Fixed side effect from invocation of cleaner in unfluff.lazy
I was sure that I checked that for #16 but it seems that I missed that.
cleaner mutates original doc object so doc needs to be re-calculated. So right now after cleaner is applied we will suffer from side effect. Consider next example:
[fs, unfluff] = ['fs', 'unfluff'].map require
html = fs.readFileSync('test_tags_kexp.html', 'utf8')
doc1 = unfluff.lazy html
doc2 = unfluff.lazy html
console.log 'tags1: ', doc1.tags() # ['Dennis Morton', 'film', 'kusp film review', 'Stand Up Guys']

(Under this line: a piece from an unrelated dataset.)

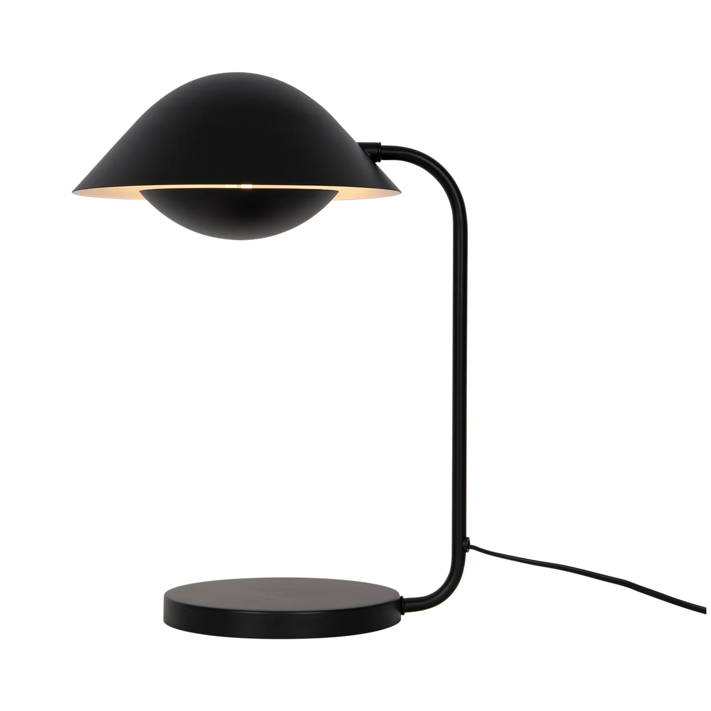 Freya är en serie med organiskt formade lampor i nordisk samtida design. Den nästan överdimensionerade toppskärmen omfamnar den nedre skärmen och kompletterar den eleganta siluetten – samtidigt som den täcker ljuskällan för att ge ett behagligt ljus.

console.log 'text1: ', doc1.text()
console.log 'text2: ', doc2.text()
console.log 'tags2: ', doc2.tags() # [ ]
Using this code over test_tags_kexp.html fixture we will have different results for tags() since cleaner is called inside text().

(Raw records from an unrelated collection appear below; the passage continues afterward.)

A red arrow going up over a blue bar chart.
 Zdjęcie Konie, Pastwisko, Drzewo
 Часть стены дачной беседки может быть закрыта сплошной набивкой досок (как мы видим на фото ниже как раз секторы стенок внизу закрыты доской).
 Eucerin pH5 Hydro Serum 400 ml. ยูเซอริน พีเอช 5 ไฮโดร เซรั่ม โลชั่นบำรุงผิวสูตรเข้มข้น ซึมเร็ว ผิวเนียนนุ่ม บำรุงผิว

So when cleaner is called we need to reload document. Besides, I added some refactoring.
Thanks for catching this! I'll take a look in detail when I have some time this weekend.
Sure. If you have ideas how we can avoid reloading document bring it up.
Sorry, I've been lax on reviewing this. Still plan to get to this very soon. Thanks!